Democrats and Republicans in the House and Senate also say they want to stop the military from transferring surplus equipment to police departments. That's a debate that has raged for years, particularly after the 2001 terror attacks in New York and Washington, D.C., when police departments bulked up to meet new threats.

Rep. Ruben Gallego, an Arizona Democrat and Marine veteran who served in Iraq, said Monday that "our neighborhoods aren't war zones."

"I will push for the House to restrict the program that provides military gear to police departments," Gallego said. "... Militarized police make communities less safe by growing the divide between officers and citizens they are sworn to protect."

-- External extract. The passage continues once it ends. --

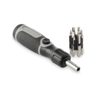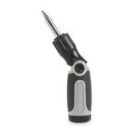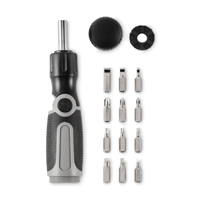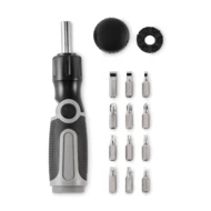 Wyginany śrubokręt z rękojeścią ABS w zestawie z 12 żelaznymi końcówkami, w tym krzyżakowymi, płaskimi, sześciokątnymi i torx.

In the Senate, Brian Schatz, a Hawaii Democrat, said he'll introduce an amendment to the NDAA to discontinue the program that transfers military weapons to local police departments, which is known as 1033.

"It is clear that many police departments are being outfitted as if they are going to war, and it is not working in terms of maintaining the peace," Schatz told The New York Times. "... It's time to recalibrate this program. Just because the Department of Defense has excess weaponry doesn't mean it will be put to good use."

Doug Stafford, chief strategist for Sen. Rand Paul, a Kentucky Republican, tweeted his support for Schatz's plan.

"We've been doing this one [for] years," he said. "Happy to help."

Editor’s note: This story was updated to reflect the U.S. Park Police statement about actions taken against some protestors.